* [Requirement] All lines below between the line with "На листе вертикального" and the line with "في رسالة من", including both, must be copied exactly, and the pictures must be omitted.

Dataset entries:

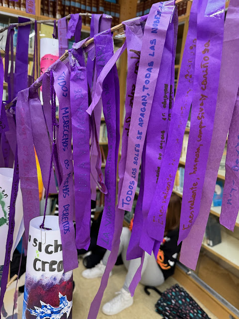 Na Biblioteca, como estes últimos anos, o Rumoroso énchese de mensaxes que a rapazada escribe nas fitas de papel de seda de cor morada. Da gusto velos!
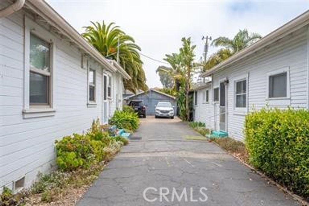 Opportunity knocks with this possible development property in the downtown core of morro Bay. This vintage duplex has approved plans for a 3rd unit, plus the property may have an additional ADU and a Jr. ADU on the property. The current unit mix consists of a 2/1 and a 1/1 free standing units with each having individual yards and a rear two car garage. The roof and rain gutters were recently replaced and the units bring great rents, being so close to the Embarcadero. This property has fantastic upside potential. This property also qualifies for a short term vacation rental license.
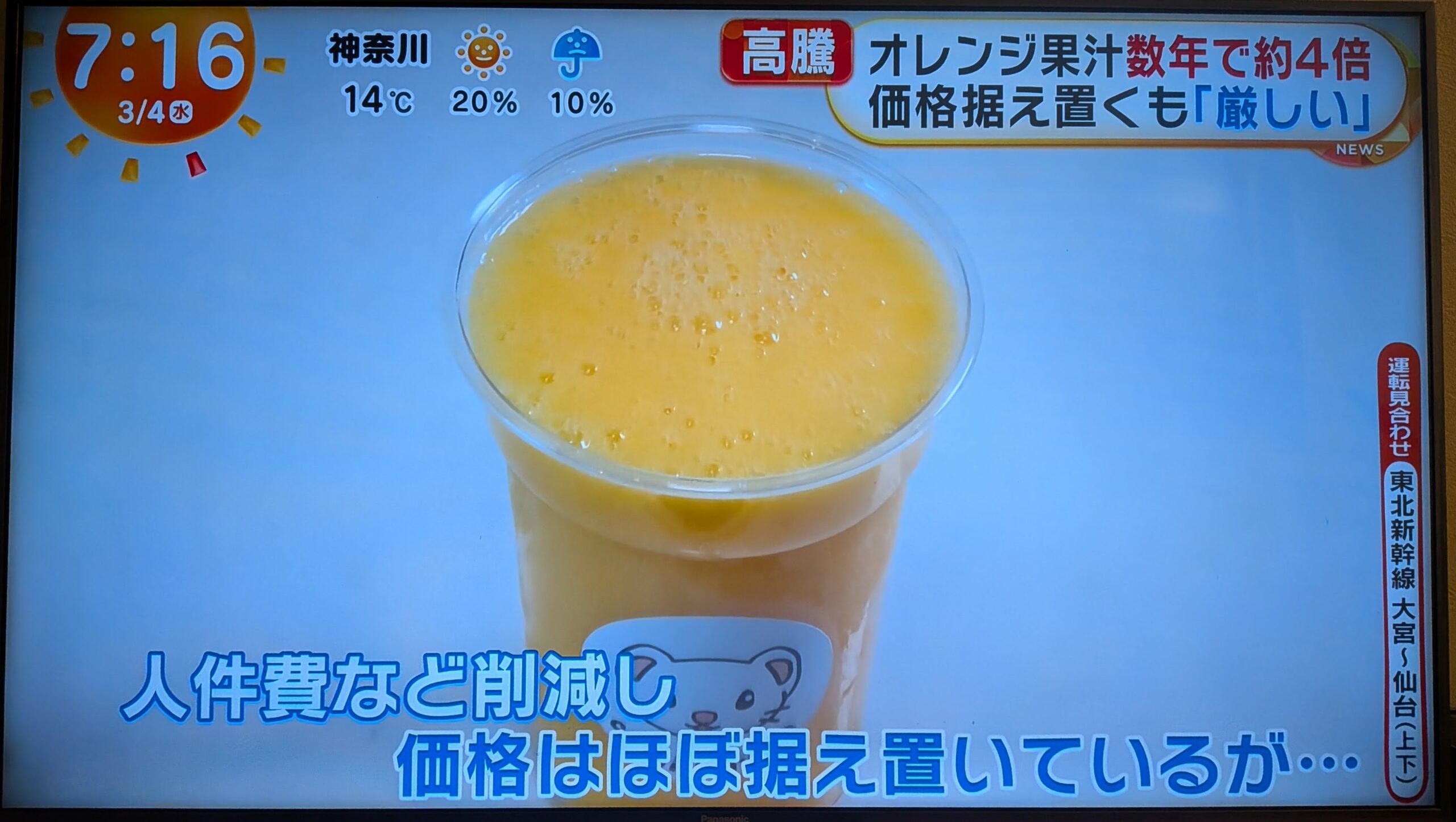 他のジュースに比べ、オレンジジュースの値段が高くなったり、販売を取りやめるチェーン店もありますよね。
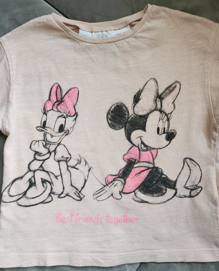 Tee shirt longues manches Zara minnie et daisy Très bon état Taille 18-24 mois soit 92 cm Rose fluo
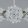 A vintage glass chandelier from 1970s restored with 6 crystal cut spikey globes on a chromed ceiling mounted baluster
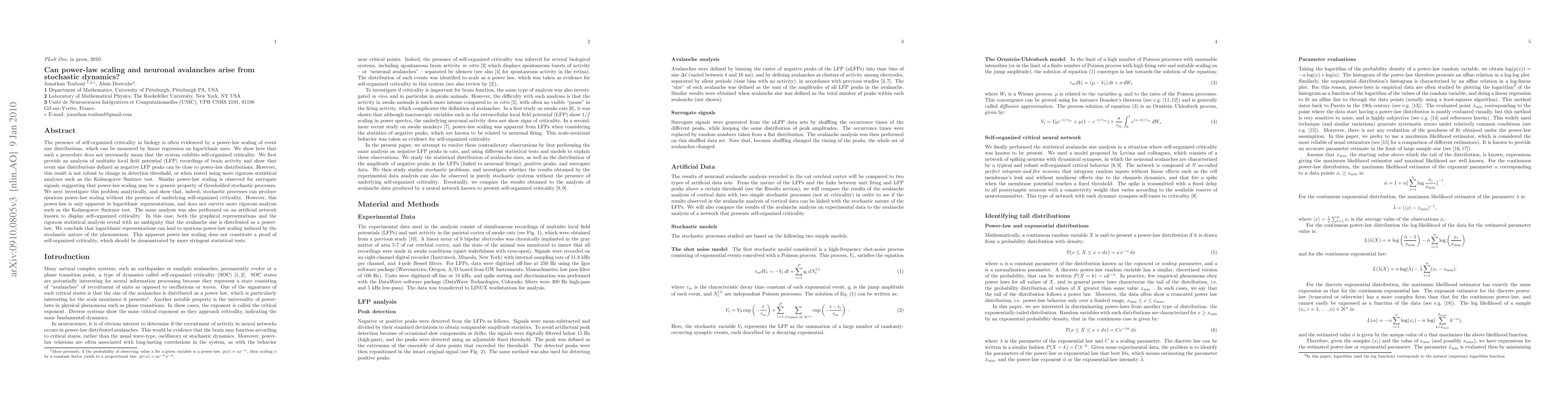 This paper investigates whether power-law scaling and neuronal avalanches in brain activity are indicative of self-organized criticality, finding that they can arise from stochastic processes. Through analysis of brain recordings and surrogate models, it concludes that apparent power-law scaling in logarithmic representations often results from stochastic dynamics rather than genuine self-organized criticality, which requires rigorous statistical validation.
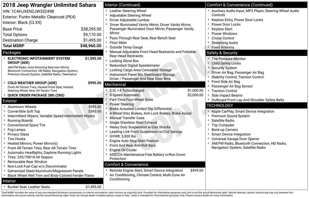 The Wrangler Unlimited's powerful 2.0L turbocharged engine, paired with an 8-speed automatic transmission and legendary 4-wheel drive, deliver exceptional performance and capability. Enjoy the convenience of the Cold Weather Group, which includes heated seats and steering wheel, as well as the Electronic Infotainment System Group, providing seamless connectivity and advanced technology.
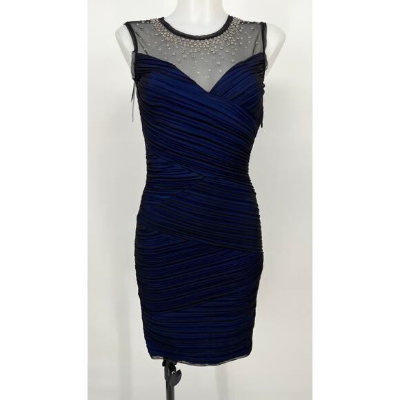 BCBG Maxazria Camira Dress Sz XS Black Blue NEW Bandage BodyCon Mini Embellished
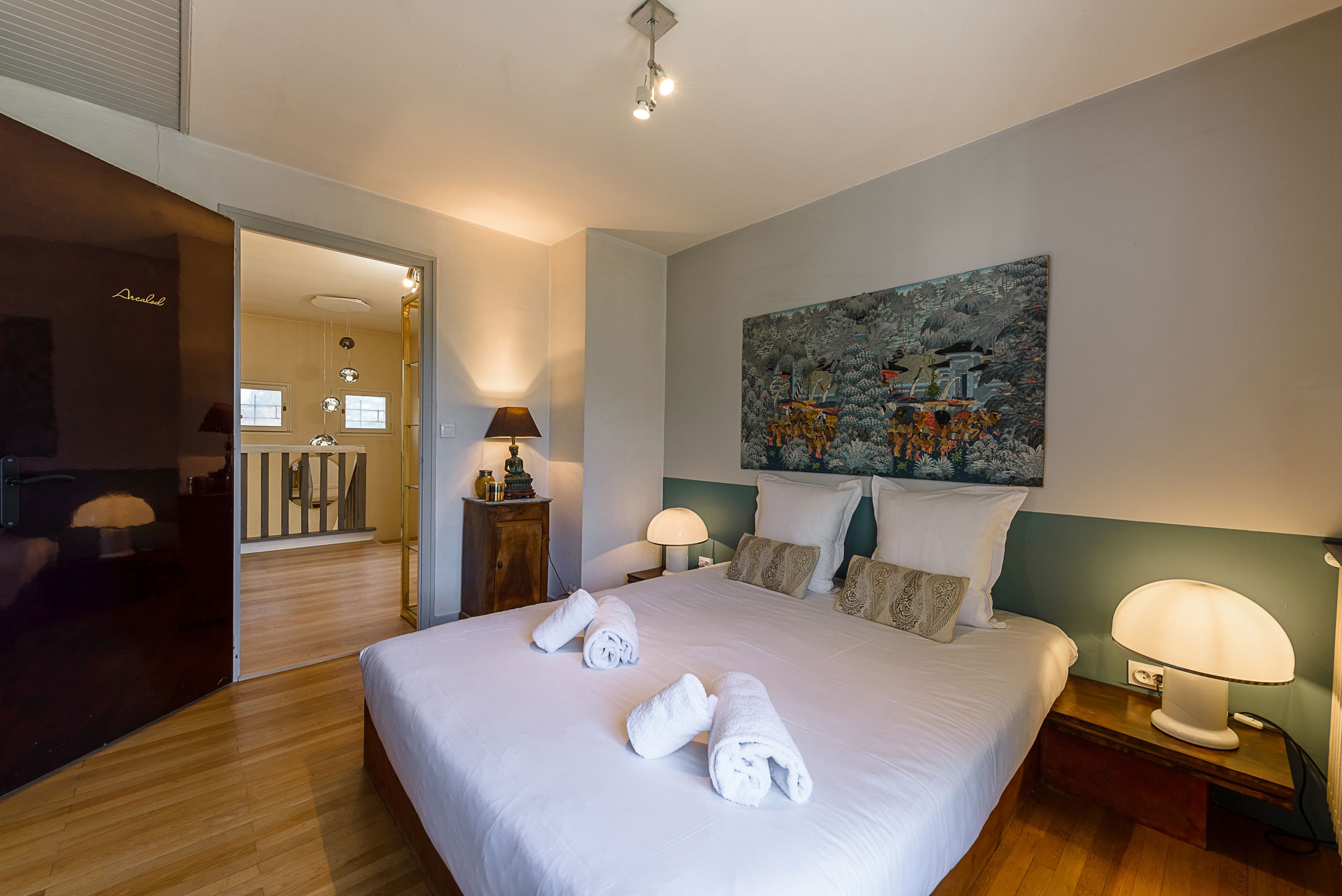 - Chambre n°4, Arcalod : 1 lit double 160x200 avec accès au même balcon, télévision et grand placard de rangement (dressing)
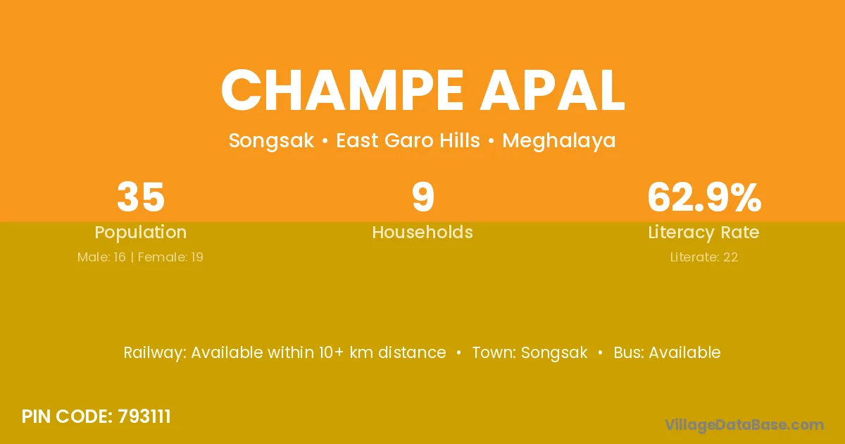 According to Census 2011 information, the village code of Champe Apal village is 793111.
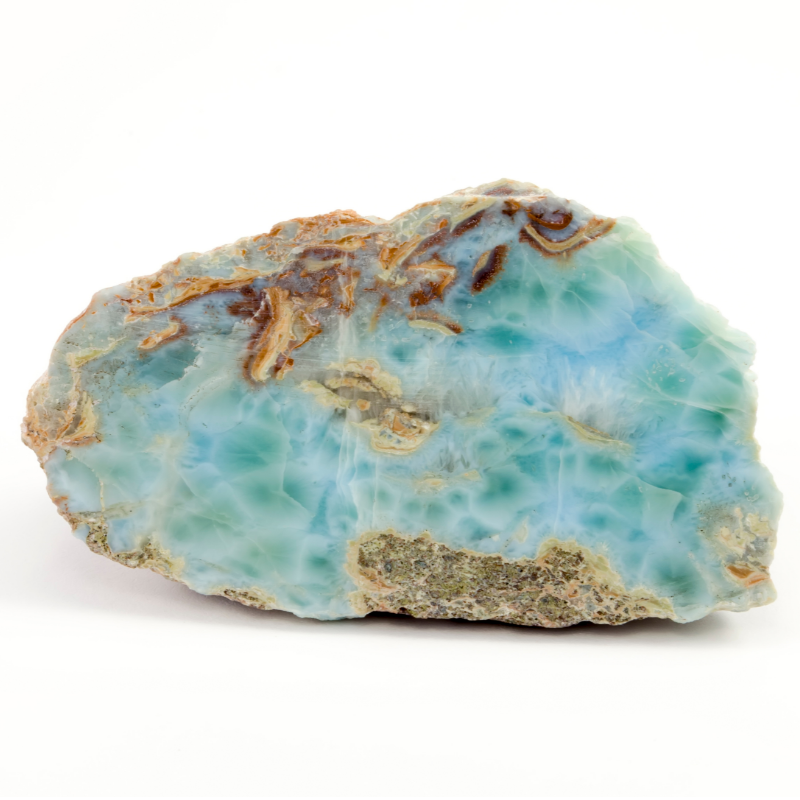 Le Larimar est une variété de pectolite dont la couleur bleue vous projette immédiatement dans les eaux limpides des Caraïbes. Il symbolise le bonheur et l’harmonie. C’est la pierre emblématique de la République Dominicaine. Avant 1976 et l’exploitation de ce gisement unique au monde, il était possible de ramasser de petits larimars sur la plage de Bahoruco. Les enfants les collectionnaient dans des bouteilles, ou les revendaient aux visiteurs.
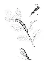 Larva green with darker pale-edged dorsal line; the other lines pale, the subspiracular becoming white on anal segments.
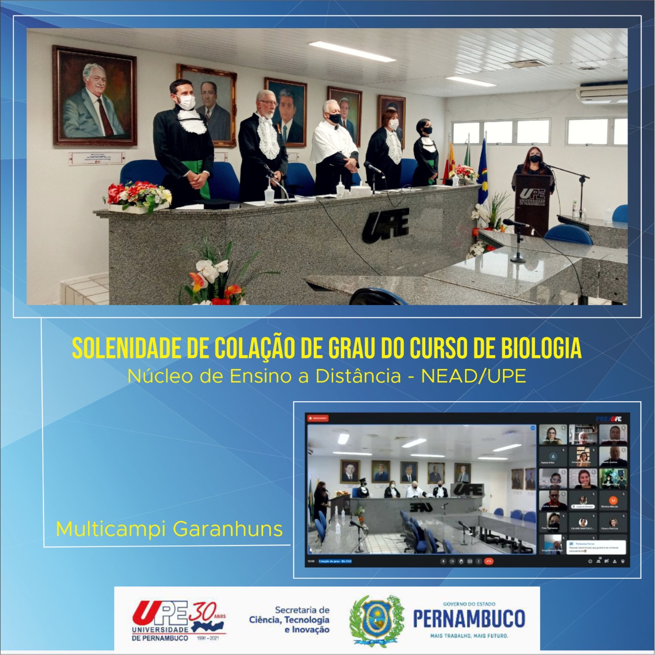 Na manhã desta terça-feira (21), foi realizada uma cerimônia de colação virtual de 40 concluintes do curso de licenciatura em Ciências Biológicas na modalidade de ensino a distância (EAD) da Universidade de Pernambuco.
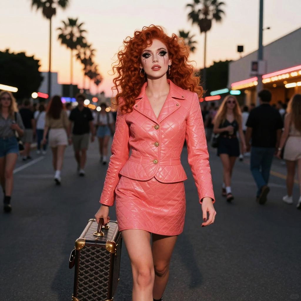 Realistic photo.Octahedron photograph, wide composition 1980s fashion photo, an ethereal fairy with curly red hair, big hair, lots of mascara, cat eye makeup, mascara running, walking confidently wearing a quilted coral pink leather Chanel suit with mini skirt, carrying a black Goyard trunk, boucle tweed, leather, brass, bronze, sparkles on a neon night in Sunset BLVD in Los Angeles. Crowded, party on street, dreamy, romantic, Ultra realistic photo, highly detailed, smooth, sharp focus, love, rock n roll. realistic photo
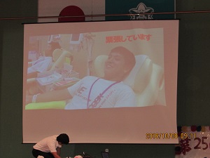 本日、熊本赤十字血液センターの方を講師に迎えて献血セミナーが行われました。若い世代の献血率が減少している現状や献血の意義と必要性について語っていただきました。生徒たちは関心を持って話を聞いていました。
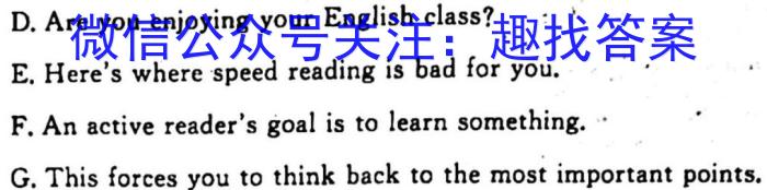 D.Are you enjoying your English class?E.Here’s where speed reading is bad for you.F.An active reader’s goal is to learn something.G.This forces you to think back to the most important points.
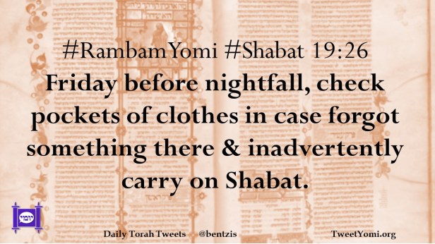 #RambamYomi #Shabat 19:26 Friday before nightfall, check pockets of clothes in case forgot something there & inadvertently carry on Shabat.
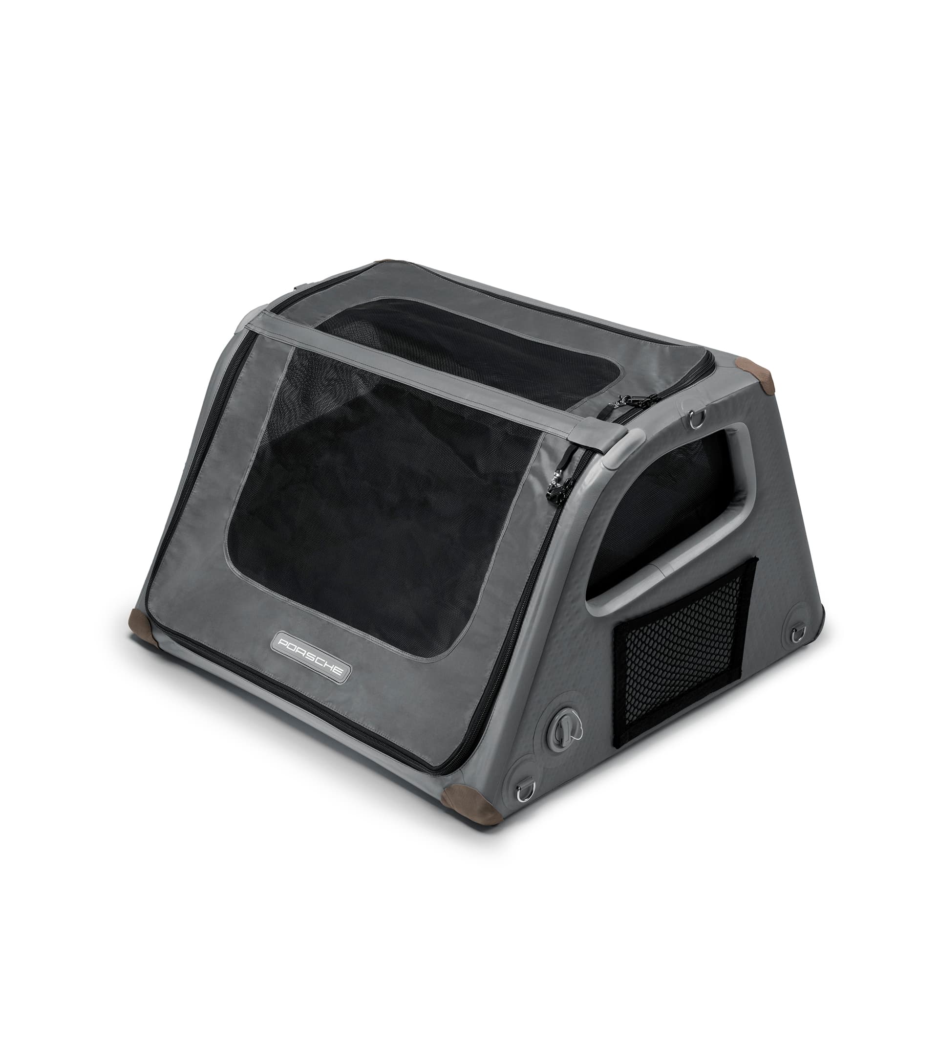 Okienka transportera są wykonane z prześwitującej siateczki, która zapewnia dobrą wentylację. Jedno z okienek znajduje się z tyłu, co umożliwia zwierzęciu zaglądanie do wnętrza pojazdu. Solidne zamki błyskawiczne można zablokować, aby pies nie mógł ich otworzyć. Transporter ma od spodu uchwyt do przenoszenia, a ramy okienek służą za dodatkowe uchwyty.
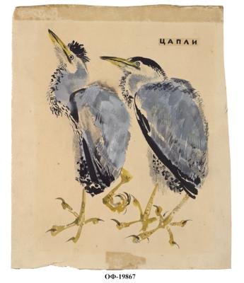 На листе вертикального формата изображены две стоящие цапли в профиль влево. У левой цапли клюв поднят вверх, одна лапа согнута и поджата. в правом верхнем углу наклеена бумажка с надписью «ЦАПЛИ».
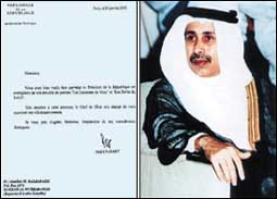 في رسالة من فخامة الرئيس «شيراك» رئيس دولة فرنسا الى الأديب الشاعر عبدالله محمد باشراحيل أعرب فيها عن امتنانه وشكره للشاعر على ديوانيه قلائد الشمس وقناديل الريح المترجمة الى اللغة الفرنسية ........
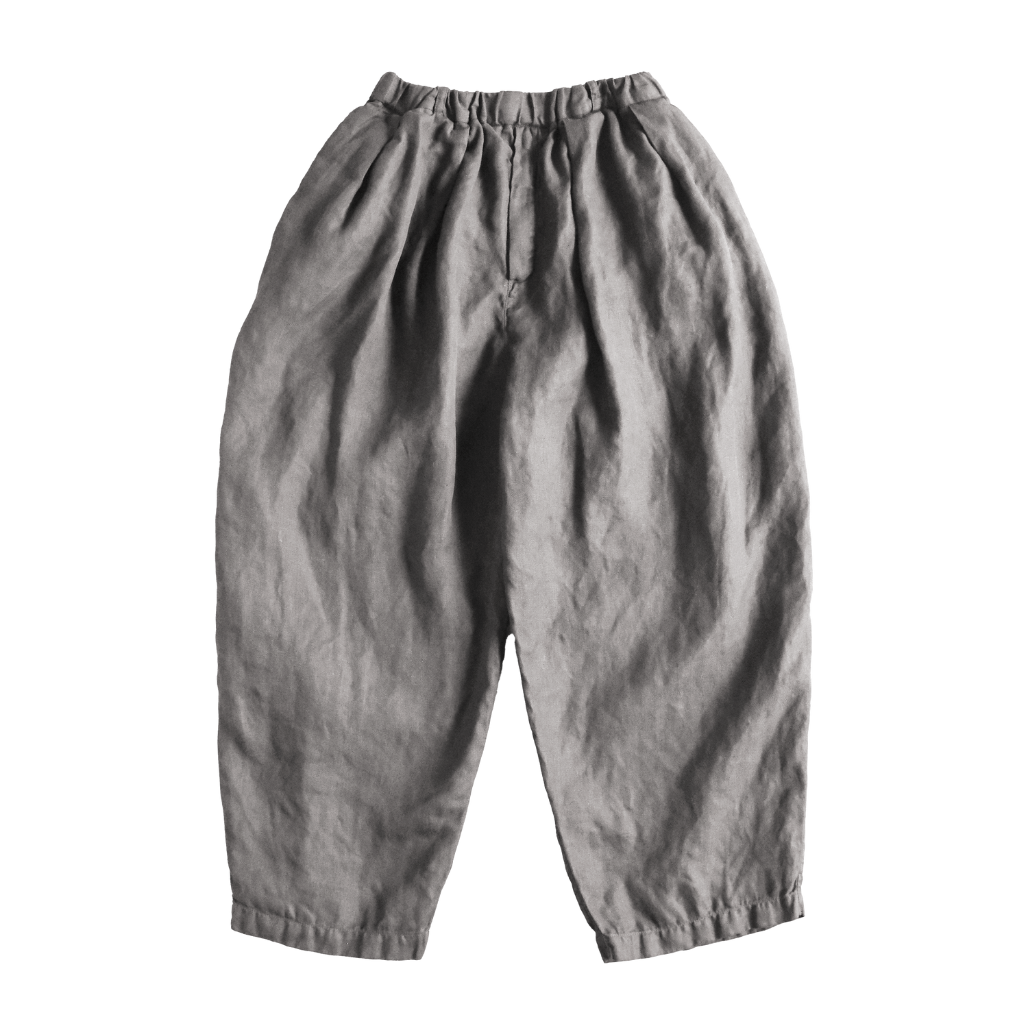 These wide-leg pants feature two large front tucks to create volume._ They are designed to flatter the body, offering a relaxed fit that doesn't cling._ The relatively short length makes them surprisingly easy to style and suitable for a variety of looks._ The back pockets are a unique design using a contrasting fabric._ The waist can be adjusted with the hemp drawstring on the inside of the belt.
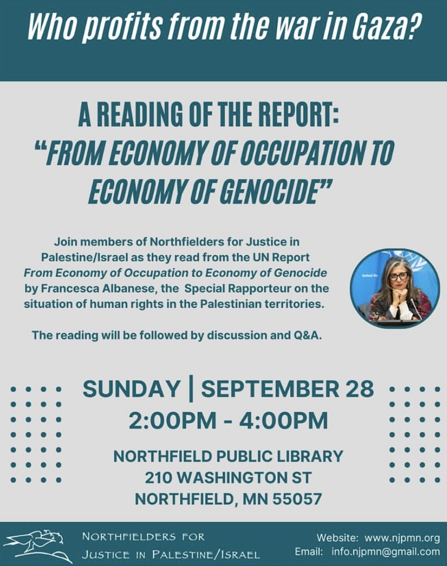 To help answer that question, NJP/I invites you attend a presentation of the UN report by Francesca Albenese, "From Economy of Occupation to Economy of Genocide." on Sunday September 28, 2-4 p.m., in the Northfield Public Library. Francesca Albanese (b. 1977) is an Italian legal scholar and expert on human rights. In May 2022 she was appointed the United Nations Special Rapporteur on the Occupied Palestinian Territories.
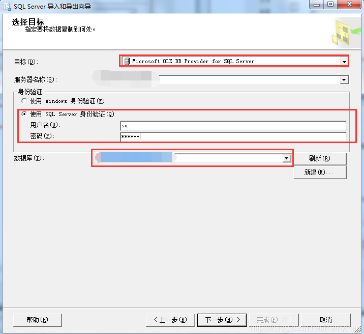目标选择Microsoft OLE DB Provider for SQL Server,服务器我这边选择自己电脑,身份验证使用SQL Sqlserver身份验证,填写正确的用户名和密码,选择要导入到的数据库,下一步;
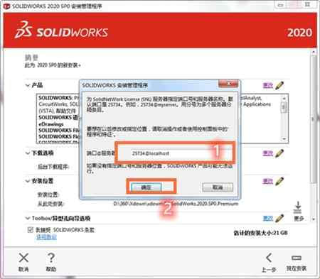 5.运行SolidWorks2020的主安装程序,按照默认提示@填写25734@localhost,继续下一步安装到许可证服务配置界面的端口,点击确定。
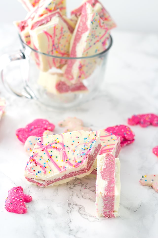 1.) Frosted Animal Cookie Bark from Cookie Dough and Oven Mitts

* [Problem solution]
 На листе вертикального формата изображены две стоящие цапли в профиль влево. У левой цапли клюв поднят вверх, одна лапа согнута и поджата. в правом верхнем углу наклеена бумажка с надписью «ЦАПЛИ».
 في رسالة من فخامة الرئيس «شيراك» رئيس دولة فرنسا الى الأديب الشاعر عبدالله محمد باشراحيل أعرب فيها عن امتنانه وشكره للشاعر على ديوانيه قلائد الشمس وقناديل الريح المترجمة الى اللغة الفرنسية ........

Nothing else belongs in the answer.